The man — who lost his $75,000-a-year job as a restaurant manager after his arrest — told NBC News that he stumbled on child pornography while consuming legal, adult pornography online. "I just got caught up in it," he said. "It's not like I woke up and said, 'Listen, let me look at this stuff.' It kept popping up every time I was downloading."
Weinstein is among a group of federal judges who have argued that sentencing ranges for possessing child pornography — which were doubled by Congress in 2003 — are too severe. The federal bench handed down sentences below the guidelines 45 percent of the time, the Associated Press reported in 2012. Those who favor tougher sentences point out that while many consumers of child pornography may not never lay a hand on a child, some do. And all, they say, play a role in a system that promotes the abuse of children....
Jennifer Freeman, an attorney who represents child-porn victims in efforts to obtain restitution, called Weinstein's opinion "a diatribe" and said he was using the particulars of one case to indict the entire sentencing structure. "He's basically saying it's not worth too much punishment," she said, adding that she did not want to comment on whether the man Weinstein sentenced deserved more time than five days.
That man said that he had done something wrong and was ashamed of it but that locking him up would not have served any purpose and would have "put my family living out on the street."
"It should be illegal," he said of child pornography. "No child should be put through that process." But he added, "I would never physically do anything. I never had even a thought of it."
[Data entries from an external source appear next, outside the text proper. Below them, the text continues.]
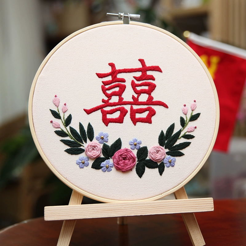 إصبع لو التطريز كلمة سعيدة DIY بها بنفسك تطريز يدوي حزمة المواد الزفاف التطريز فستان الزفاف زوجين التطريز ثلاثي الأبعاد
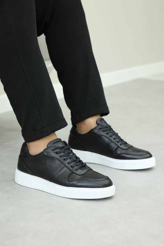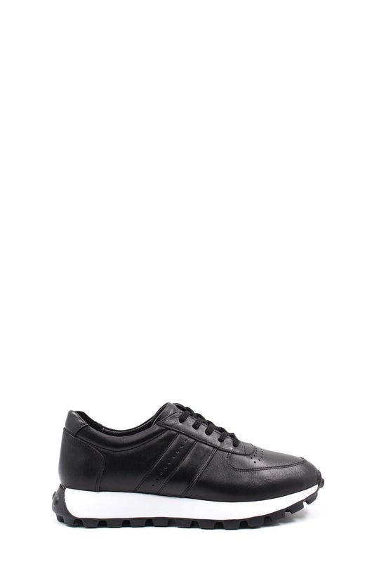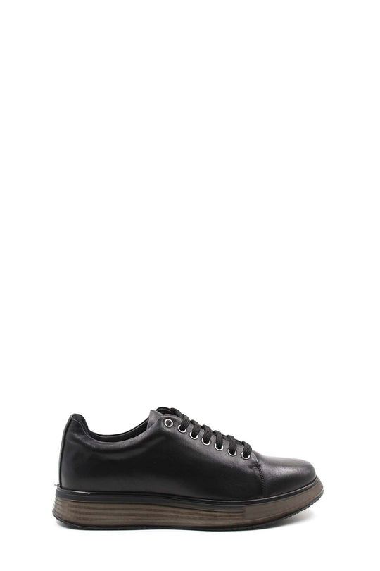 Siyah Deri Yüksek Tabanlı Spor Ayakkabı Wessi
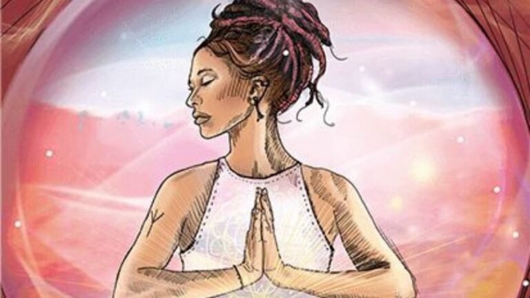 - 背景的生命巨輪: 她身後有一個巨大的曼陀羅圓盤,像是齒輪也像太陽。這象徵大環境的運轉與時間的齒輪,提醒我們個人節奏需要與宇宙的流動對齊。
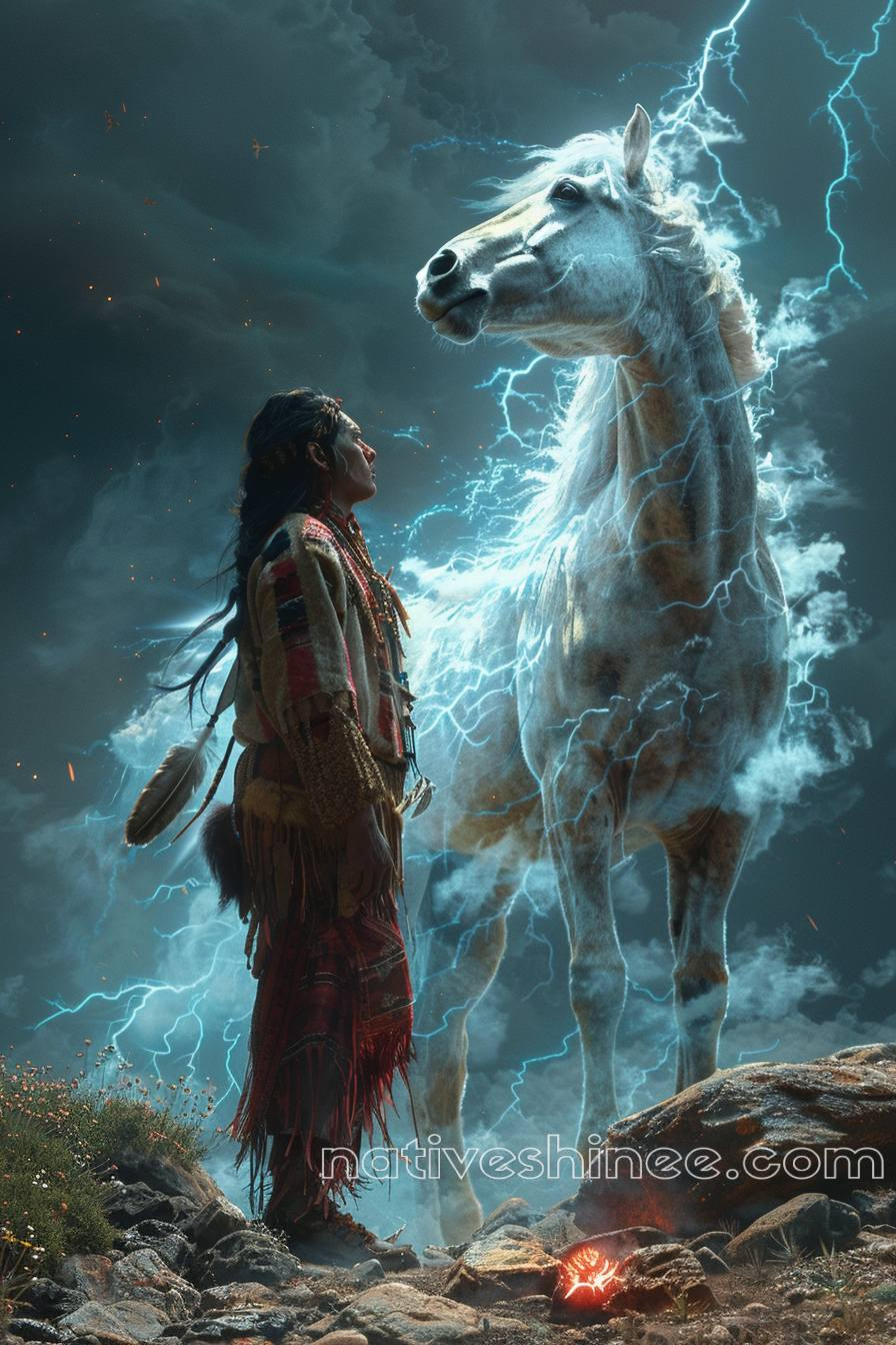 Sacred Connection with Lightning Horse Native American Horse Canvas
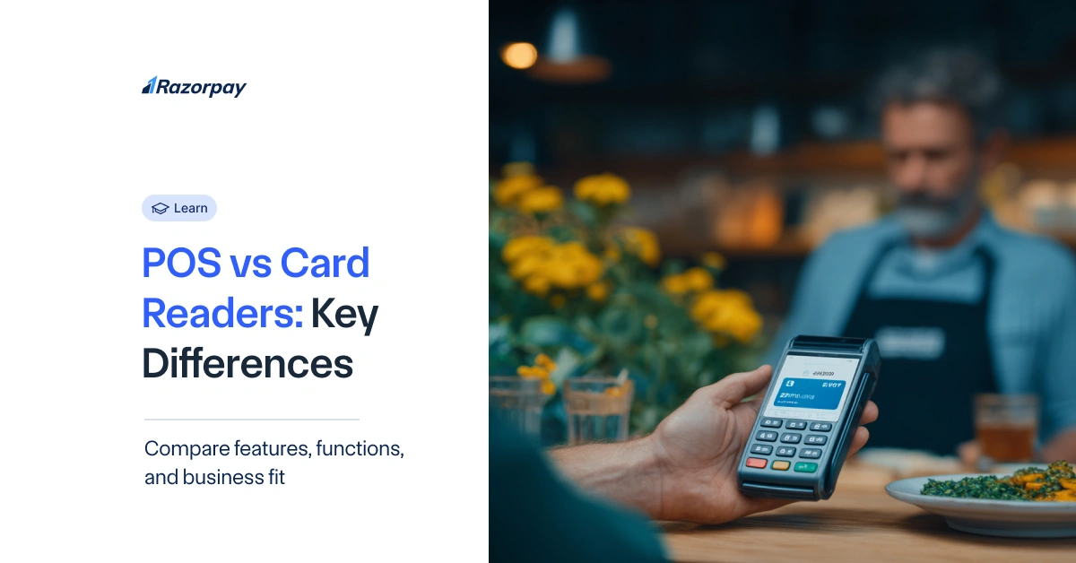 Digital payment methods have revolutionised how customers interact with businesses. From brick and mortar stores to online websites, businesses of all sizes have adopted contactless payment methods. Two major tools that facilitate seamless transactions are Point of Sales (POS) terminals and card readers. However, understanding these tools can get confusing as both serve the same purpose – facilitating seamless contactless transactions. This article will help you understand PoS Vs. Card Readers and how these tools help enhance customer’s interaction with businesses. At Razorpay, we work closely with several types of merchants to simplify contactless payments for both systems. Let’s take a look at POS Vs. Card Readers.
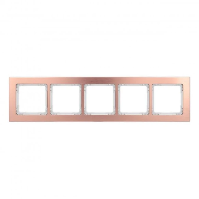 DECO Ramka uniwersalna pięciokrotna - aluminium szczotkowane (ramka: kolor miedziany spód: biały) 9-0-DRA-5
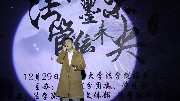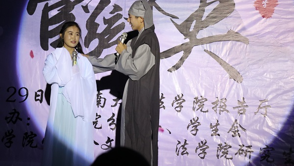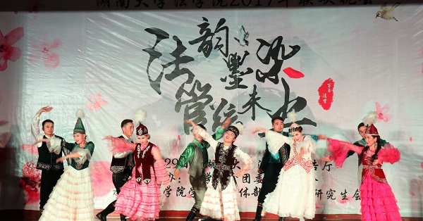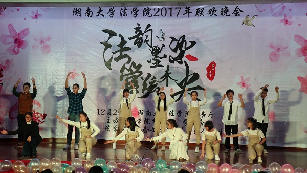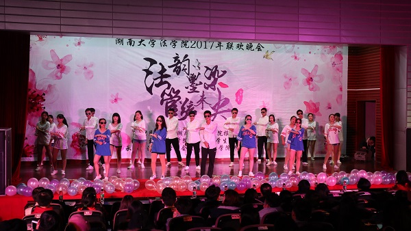 赫曦映岳麓山,青春跃星城,17级行管一班全体同学模仿高中时代的校园电视台,为观众们奉上了活力四射的舞蹈《悦动青春》,瞬间点燃了场内气氛。17级法学三班孙鹏翔、陈佳、马若琳等同学主演的舞台剧《法三的秘密》用cosplay的方式演绎流行游戏,精彩的表演为观众们带来了阵阵欢笑。情牵法韵,流年似水,17级法学四班的歌舞节目《四水年华》用华美的舞蹈与动听的音乐和观众们一同追忆似水年华、展望美好未来。有一种故事叫做爱情,有一种流行叫做穿越,17级行管二班苏哲豪、胡鑫雅等同学主演的话剧《假如爱有天意》将二者完美结合,描绘了一场唯美而有趣的爱情故事。
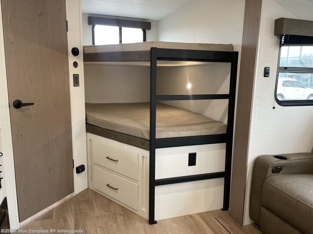 Get ready to take your travels to new heights with our incredible luxury travel trailer! The front bedroom has a queen bed, wardrobe, and overhead cabinets for all your favorite belongings, the perfect place to relax and recharge after a long day of adventure. The living room/kitchen combined area is equipped with a U-shaped dinette, three-burner cooktop, microwave, refrigerator, and pantry. The full bathroom is spacious and complete with a linen closet for added convenience. And with double-sized bunk beds featuring curtains and under-bunk storage, the kids will have their cozy retreat. But the adventure doesn't stop there! Outside, you'll find an exterior griddle with a 1.7 refrigerator, perfect for cooking up a storm in the great outdoors. And with a massive 19’ awning, you'll have plenty of shade and protection from the elements, plus, with two entry/exit doors and pass-through storage, you'll have easy access to the trailer and all your gear.
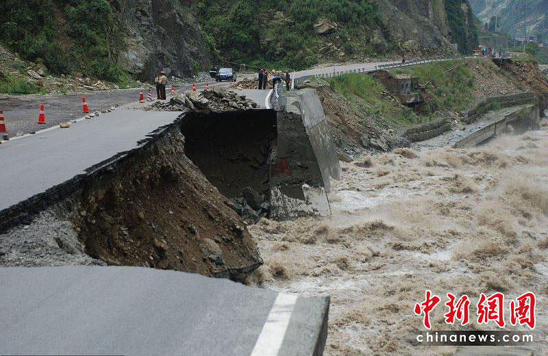 連日強降雨致使四川阿壩州茂縣岷江河水位不斷上漲,5月7日晚,213國道茂縣段一段路基被洪水沖毀約100米,這一路段徹底中斷,這已經(jīng)是這條有著“震中生命線”之稱的國道,在近期內(nèi)的第二次中斷。
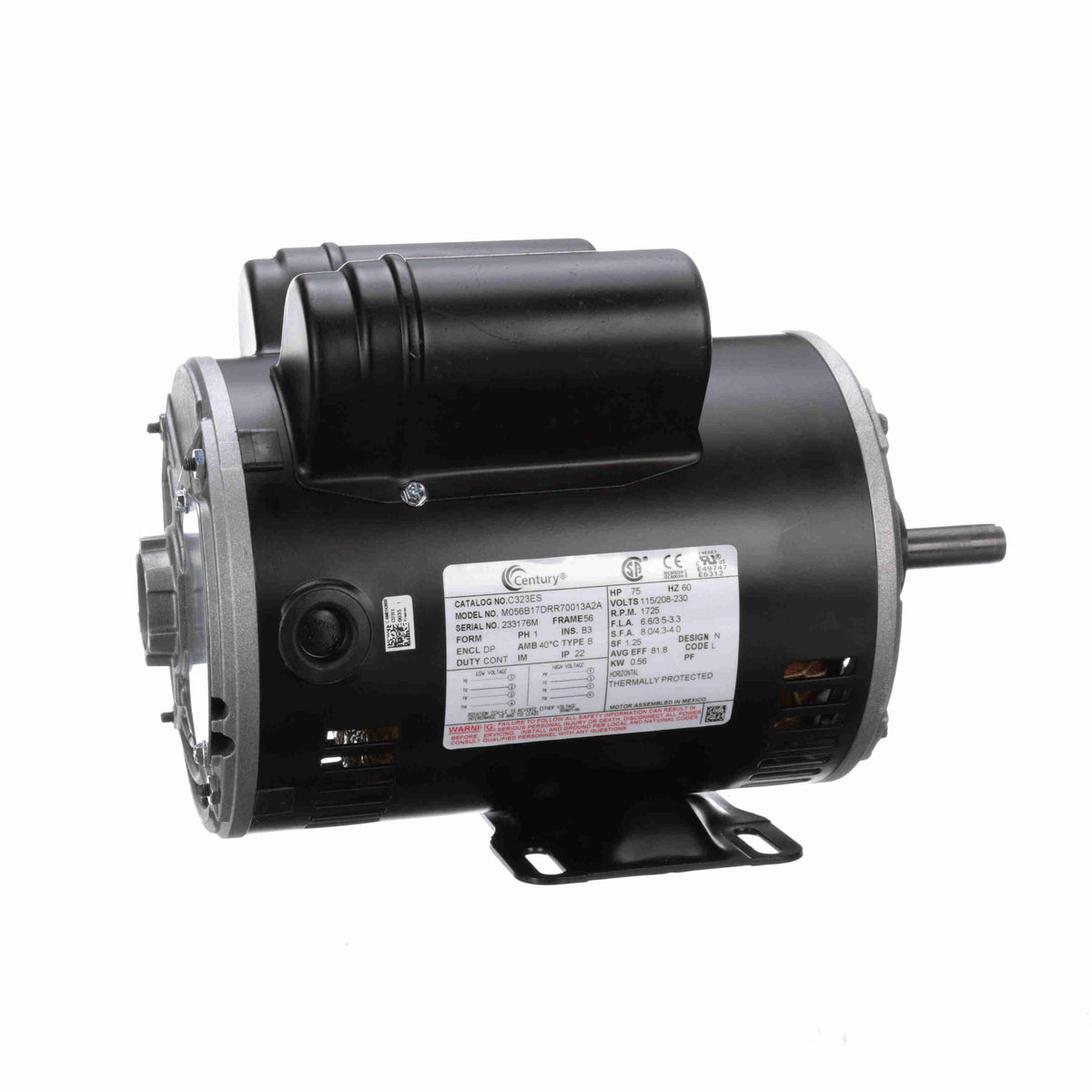 Century C323ES 3/4 HP 1725RPM 56 DP 1/60/115/208-230 - MROSupply.com
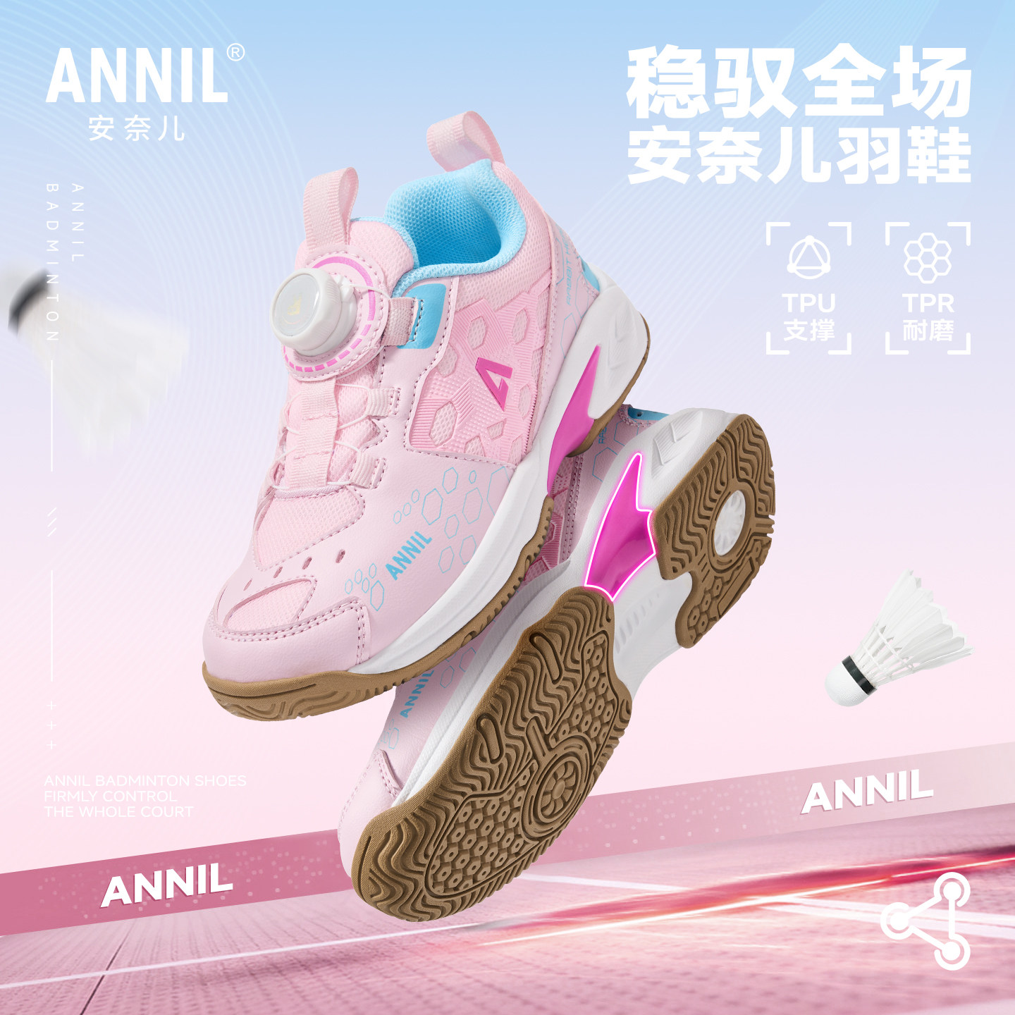 安奈儿女童鞋子2026新款春秋季儿童专业羽毛球鞋防滑小学生训练鞋

I will need to track down and review closely Judge Weinstein's lengthy opinion in this case before I would feel comfortable weighing in on this specific sentencing decision. But I already can state that I am sure federal prosecutors involved in this case are sure to feel quite uncomfortable when trying to decide whether to appeal this sentencing decision to the Second Circuit as unreasonable.
Assuming Judge Weinstein did not disregard any applicable mandatory minimum statute nor made any other clear doctrinal error, federal prosecutors might have a hard time establishing on appeal that Judge Weinstein's exercise of his post-Booker discretion in this case was unreasonable (especially in light of the Second Cicuit's significant 2010 Dorvee ruling which stressed the "irrationality" of the child porn guidelines). But a decision by federal prosecutors not to appeal this sentence might be viewed, perhaps properly, as a tacit admission by the government that a non-prison sentence can be appropriate in some child porn downloading cases.
UPDATE: A helpful reader sent me a copy of Judge Weinstein's sentencing opinion in this case, so I can now provide it here for downloading: Download US - v- RV weinstein sentencing opinion
January 30, 2016 in Federal Sentencing Guidelines, Offender Characteristics, Offense Characteristics, Purposes of Punishment and Sentencing, Sentences Reconsidered, Sex Offender Sentencing, Who Sentences? | Permalink | Comments (22)
You be the state sentencing judge: how much prison time for former state official guilty of (small-time?) marijuana dealing
The question in the title of this post is prompted by this local story from Michigan, headlined "Ex-state Rep. Roy Schmidt pleads, sold marijuana as 'source of income,' judge says." Here are the basics (with my emphasis added):
Former state Rep. Roy Schdmidt pleaded no contest Thursday, Jan. 28, to manufacture of marijuana. Schmidt initially fought charges as a registered medical marijuana caregiver and disputed the amount of marijuana he possessed.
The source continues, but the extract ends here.